_WHAT IS NEEDED_:
The records must be retyped exactly, with no pictures included.

_SOURCE DATA_:
┌──

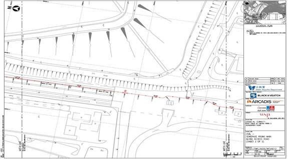 Combined Shaft - Staircases and internal finishing, puddle pipe installation, stop log wall construction - Installation of mechanical equipment and piping, stoplogs and band screens Pump room - Staircases and internal finishing, overhead crane installation Elevated Walkway - Lift shaft construction Slope works - Excavation at slope toe and access erection, Soil anchor and grouting construction Open Channel - Wall construction Other - 132 kV temporary emergency vehicular access (eva) Construction - Permanent road construction at Zone A, B, C |
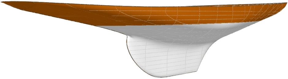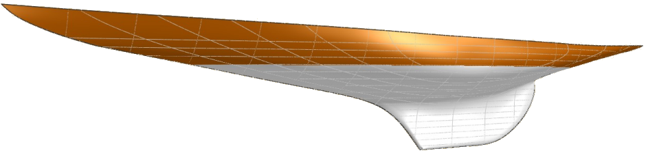 une forme plus douce avec des extrémités pointues, une forme qui passerait mieux dans la mer que l'ancienne forme de canoé qui tapait lourdement et mouillait beaucoup au près dans une mer hachée.
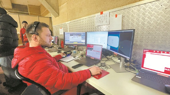 这是2026年米兰-科尔蒂纳冬奥会花样滑冰赛场上,观众首次见到的画面。作为冬奥会正式计时,欧米茄第32次为奥运盛会保驾护航,如今,这家百年制表品牌将触角伸向了计算机视觉技术。跟随欧米茄全球计时CEO阿兰·佐布里斯特,本报记者得以进入米兰滑冰馆后台(见上图陶邢莹 摄),听其讲述比赛背后的故事。
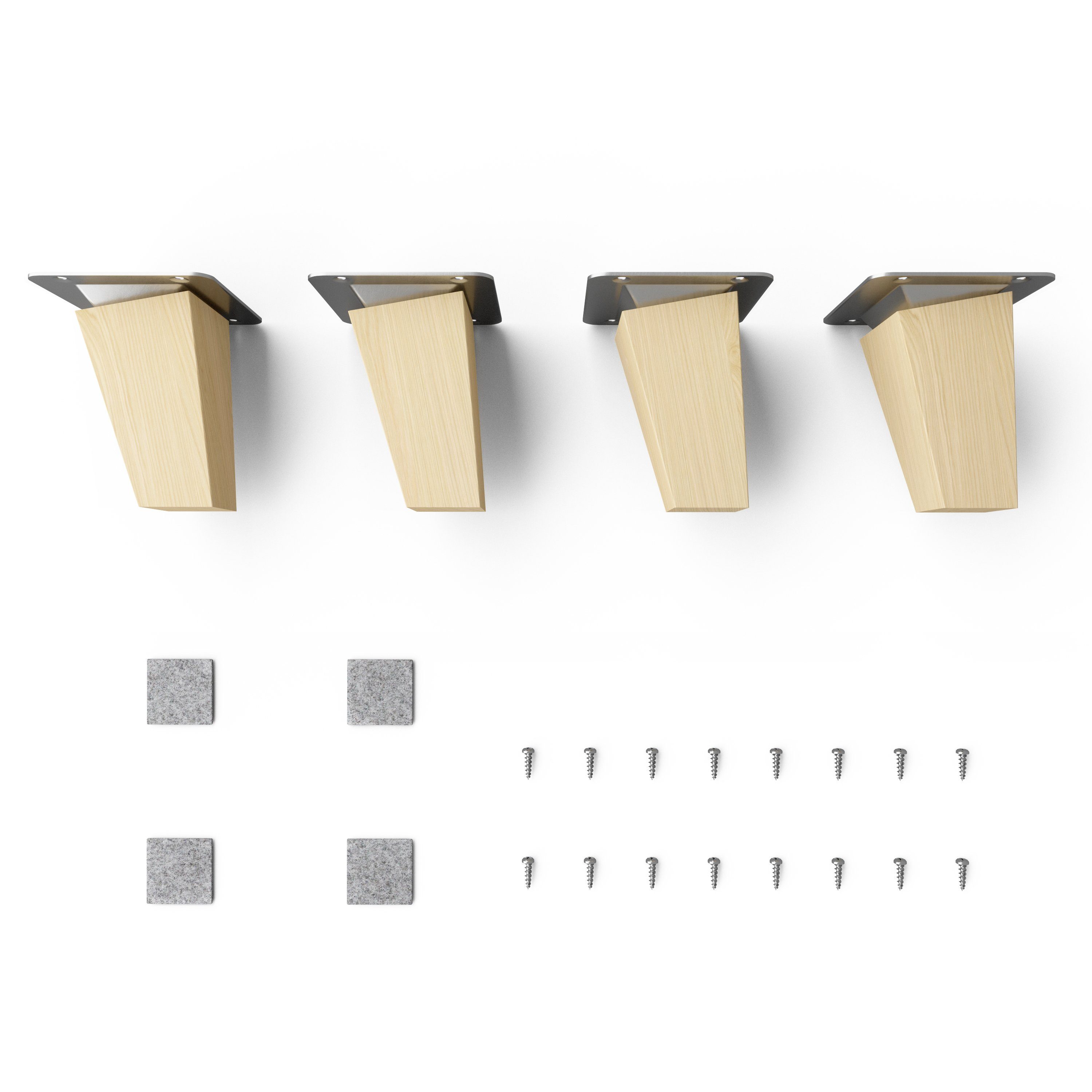 Lieferumfang4x Holz-Möbelfüße Buche 8cm Natur (unbehandelt) mit Montageplatten + Schrauben und Filzgleiter
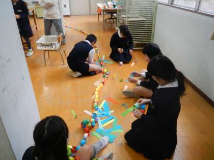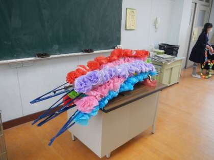 来週の送る会に向けて、会場のかざり作りや花のアーチの修理を行いました。
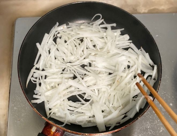 等鸡蛋煎好后盛出,将白萝卜丝倒进锅内,翻炒几下,微微变软后加适量水。
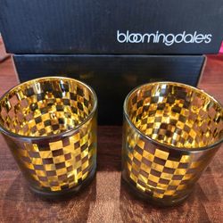 Bloomingdale's Votive Glass Candle Holders, Checkerboard Silver & Gold Set$10Apple Valley, CA
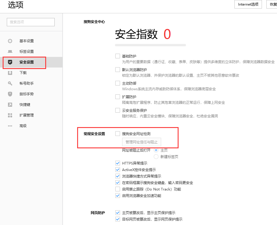 一。点击浏览器右上角的三条杠-选项-安全设置-在常规安全设置-搜狗安全网址检测一栏取消打勾。
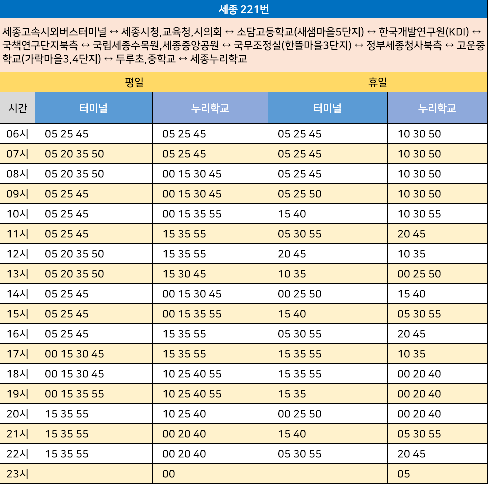 세종 221번: 세종고속시외버스터미널 ↔ 세종시청,교육청,시의회 ↔ 소담고등학교(새샘마을5단지) ↔ 한국개발연구원(KDI) ↔ 국책연구단지북측 ↔ 국립세종수목원,세종중앙공원 ↔ 국무조정실(한뜰마을3단지) ↔ 정부세종청사북측 ↔ 고운중학교(가락마을3,4단지) ↔ 두루초,중학교 ↔ 세종누리학교
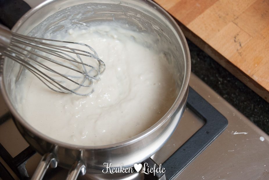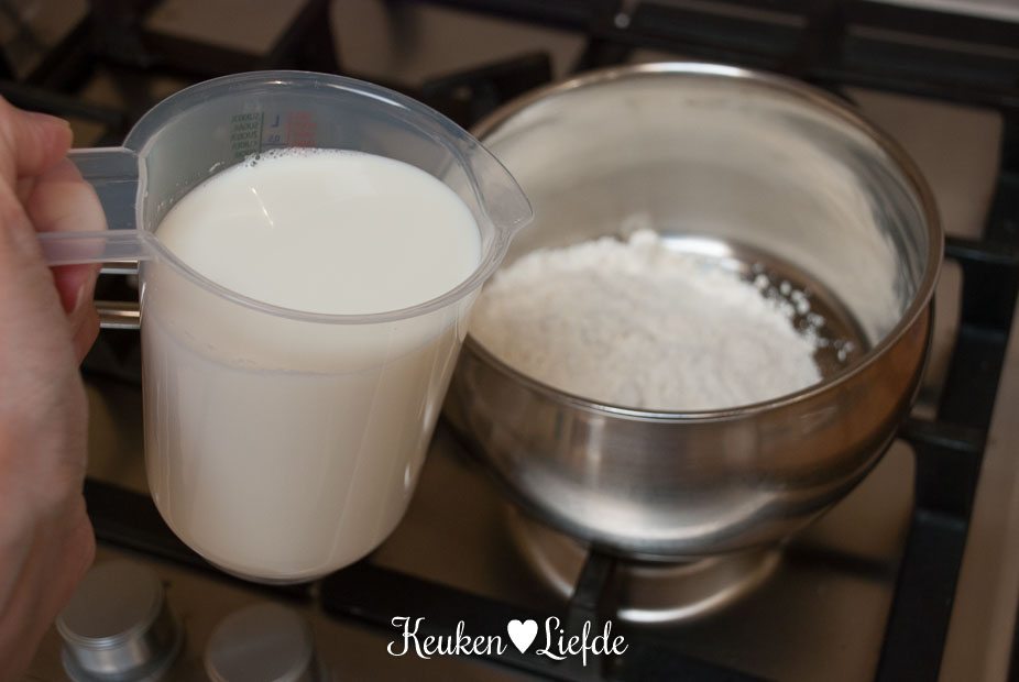 Zeef de bloem boven het sauspannetje en voeg in een klein straaltje, al kloppend met een garde, de melk toe, zodat er geen klontjes ontstaan. Klop net zolang totdat alle klontjes verdwenen zijn. Verwarm het mengsel op laag tot middelhoog vuur, totdat het mengsel begint te binden en zet het vuur laag. Warm nog kort even door, zodat de bloem goed kan garen. Zet het vuur uit en laat het mengsel afkoelen. Dek af met vershoudfolie, zodat er geen velvorming kan ontstaan.
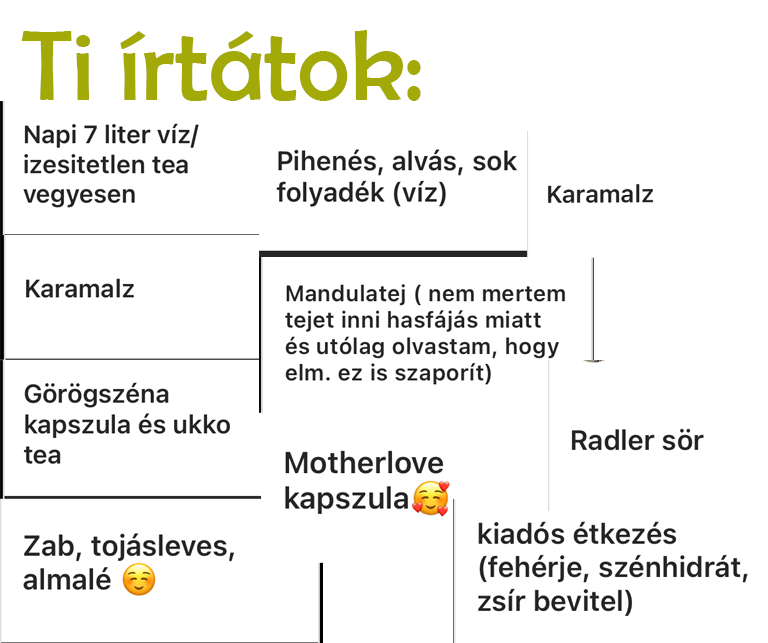 Nagyon fontos, hogy rendszeresen, változatosan egyél, minél táplálóbb ételeket. Szénhidrátban, fehérjében gazdag étrendet kövess. Kérj segítséget a családtól és a barátoktól, biztosan szívesen visznek 1-1 adag főtt ételt. Van, aki esküszik a zab és a zabkása anyatej növelő hatására. Sokan a cukros, rostos üdítőktől tapasztalnak mennyiségi növekedést és van akinek a Karamalz maláta sör válik be. Fontos a megfelelő folyadék bevitel, próbálj meg naponta 3-4 litert inni. A szoptatós teákra általánosságban igaz, hogy érdemes napi 1,5 litert fogyasztani belőlük.
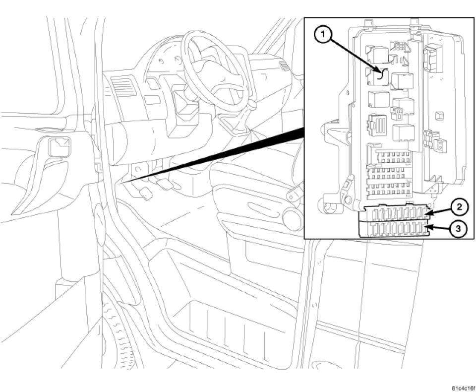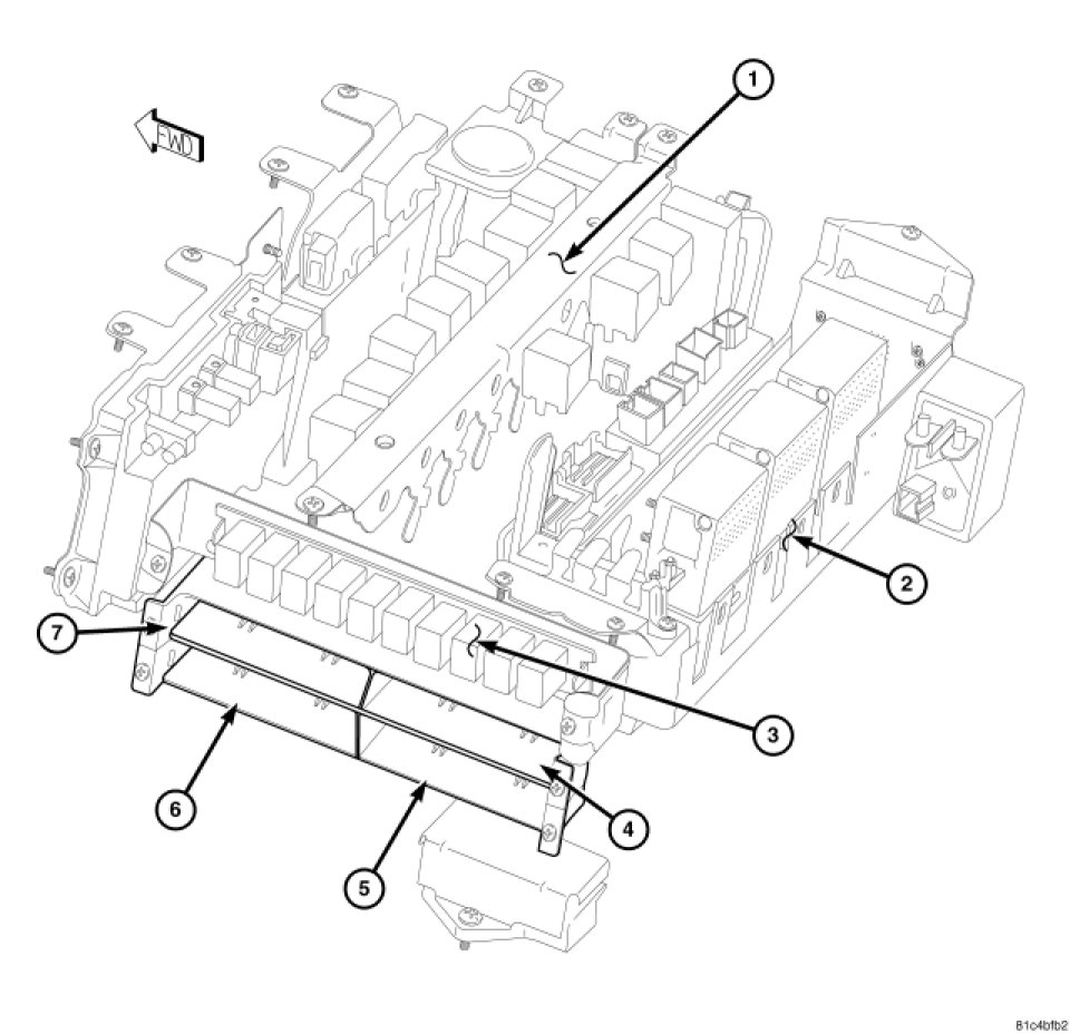 The Fuse/Relay Block #1 (also known as the SRB) (1) is located beneath the driver side end of the instrument panel in the passenger compartment. The SRB is the location for all standard fuses and relays and acts as the junction block for several of the vehicles wiring harnesses. Fuse Block #1 (3) and Fuse Block #2 (2) are both attached to the bottom of the SRB by a bracket. The Body Control Module (BCM) (also known as the Signal Acquisition and Actuation Module/SAM), is directly plugged into the right side of the SRB.
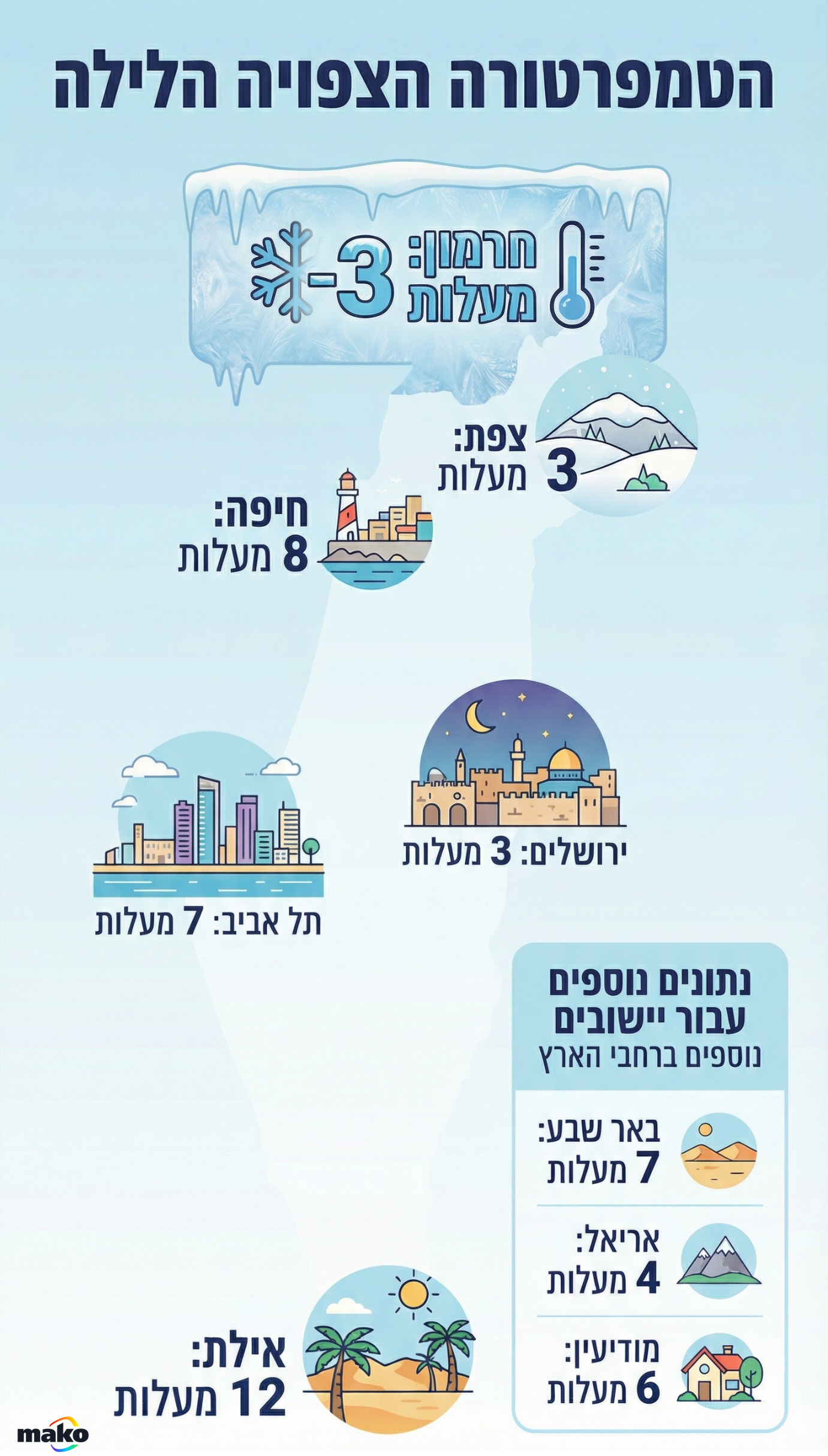 היום (שלישי) צפוי להמשיך ולהיות מעונן חלקית עד בהיר וקר מהרגיל לעונה. בלילה, כאמור, צפויה קרה במקומות המועדים. כמה קר יהיה?
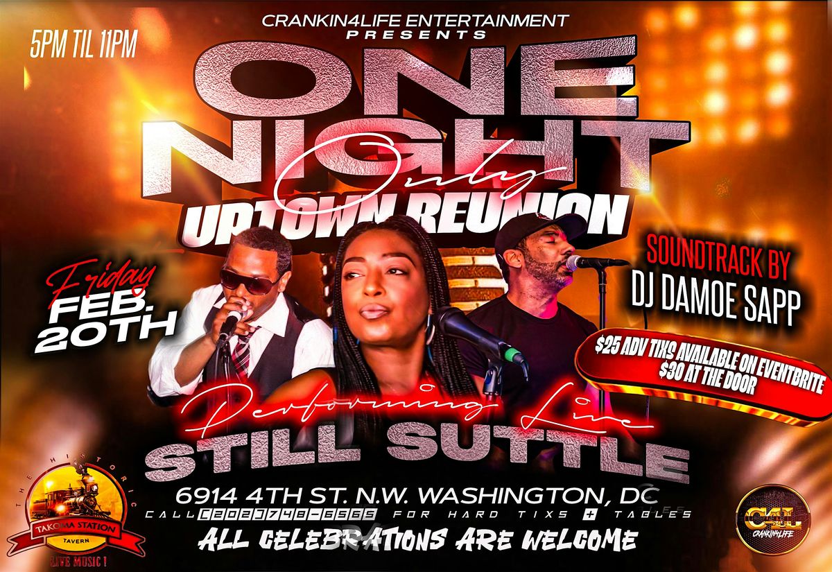 ONE NIGHT ONLY SOME FAMILIAR FAVORITES GET TOGETHER AT THEIR OLD STOMPING GROUNDS, TAKOMA STATION!! GET YOUR TIXS AND GET READY TO PARTY!!
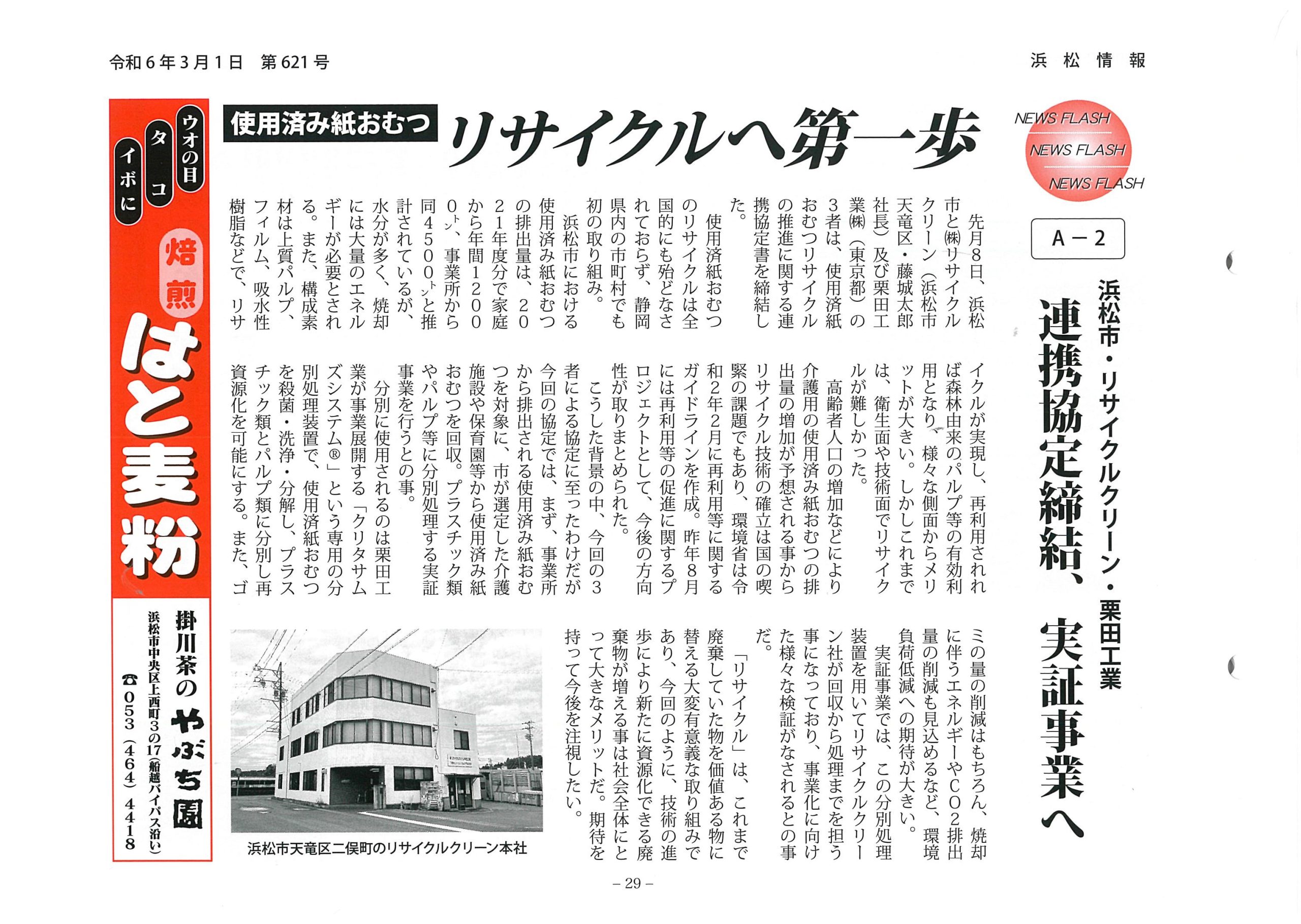 株式会社浜情出版社発行の月間誌「浜松情報」に、浜松市、栗田工業株式会社、株式会社リサイクルクリーンの3者による「使用済み紙おむつリサイクルの推進」に関する連携協定締結の記事が掲載されました。

└──

_RESULT OF THE TASK_:
 Combined Shaft - Staircases and internal finishing, puddle pipe installation, stop log wall construction - Installation of mechanical equipment and piping, stoplogs and band screens Pump room - Staircases and internal finishing, overhead crane installation Elevated Walkway - Lift shaft construction Slope works - Excavation at slope toe and access erection, Soil anchor and grouting construction Open Channel - Wall construction Other - 132 kV temporary emergency vehicular access (eva) Construction - Permanent road construction at Zone A, B, C |
 une forme plus douce avec des extrémités pointues, une forme qui passerait mieux dans la mer que l'ancienne forme de canoé qui tapait lourdement et mouillait beaucoup au près dans une mer hachée.
 这是2026年米兰-科尔蒂纳冬奥会花样滑冰赛场上,观众首次见到的画面。作为冬奥会正式计时,欧米茄第32次为奥运盛会保驾护航,如今,这家百年制表品牌将触角伸向了计算机视觉技术。跟随欧米茄全球计时CEO阿兰·佐布里斯特,本报记者得以进入米兰滑冰馆后台(见上图陶邢莹 摄),听其讲述比赛背后的故事。
 Lieferumfang4x Holz-Möbelfüße Buche 8cm Natur (unbehandelt) mit Montageplatten + Schrauben und Filzgleiter
 来週の送る会に向けて、会場のかざり作りや花のアーチの修理を行いました。
 等鸡蛋煎好后盛出,将白萝卜丝倒进锅内,翻炒几下,微微变软后加适量水。
 Bloomingdale's Votive Glass Candle Holders, Checkerboard Silver & Gold Set$10Apple Valley, CA
 一。点击浏览器右上角的三条杠-选项-安全设置-在常规安全设置-搜狗安全网址检测一栏取消打勾。
 세종 221번: 세종고속시외버스터미널 ↔ 세종시청,교육청,시의회 ↔ 소담고등학교(새샘마을5단지) ↔ 한국개발연구원(KDI) ↔ 국책연구단지북측 ↔ 국립세종수목원,세종중앙공원 ↔ 국무조정실(한뜰마을3단지) ↔ 정부세종청사북측 ↔ 고운중학교(가락마을3,4단지) ↔ 두루초,중학교 ↔ 세종누리학교
 Zeef de bloem boven het sauspannetje en voeg in een klein straaltje, al kloppend met een garde, de melk toe, zodat er geen klontjes ontstaan. Klop net zolang totdat alle klontjes verdwenen zijn. Verwarm het mengsel op laag tot middelhoog vuur, totdat het mengsel begint te binden en zet het vuur laag. Warm nog kort even door, zodat de bloem goed kan garen. Zet het vuur uit en laat het mengsel afkoelen. Dek af met vershoudfolie, zodat er geen velvorming kan ontstaan.
 Nagyon fontos, hogy rendszeresen, változatosan egyél, minél táplálóbb ételeket. Szénhidrátban, fehérjében gazdag étrendet kövess. Kérj segítséget a családtól és a barátoktól, biztosan szívesen visznek 1-1 adag főtt ételt. Van, aki esküszik a zab és a zabkása anyatej növelő hatására. Sokan a cukros, rostos üdítőktől tapasztalnak mennyiségi növekedést és van akinek a Karamalz maláta sör válik be. Fontos a megfelelő folyadék bevitel, próbálj meg naponta 3-4 litert inni. A szoptatós teákra általánosságban igaz, hogy érdemes napi 1,5 litert fogyasztani belőlük.
 The Fuse/Relay Block #1 (also known as the SRB) (1) is located beneath the driver side end of the instrument panel in the passenger compartment. The SRB is the location for all standard fuses and relays and acts as the junction block for several of the vehicles wiring harnesses. Fuse Block #1 (3) and Fuse Block #2 (2) are both attached to the bottom of the SRB by a bracket. The Body Control Module (BCM) (also known as the Signal Acquisition and Actuation Module/SAM), is directly plugged into the right side of the SRB.
 היום (שלישי) צפוי להמשיך ולהיות מעונן חלקית עד בהיר וקר מהרגיל לעונה. בלילה, כאמור, צפויה קרה במקומות המועדים. כמה קר יהיה?
 ONE NIGHT ONLY SOME FAMILIAR FAVORITES GET TOGETHER AT THEIR OLD STOMPING GROUNDS, TAKOMA STATION!! GET YOUR TIXS AND GET READY TO PARTY!!
 株式会社浜情出版社発行の月間誌「浜松情報」に、浜松市、栗田工業株式会社、株式会社リサイクルクリーンの3者による「使用済み紙おむつリサイクルの推進」に関する連携協定締結の記事が掲載されました。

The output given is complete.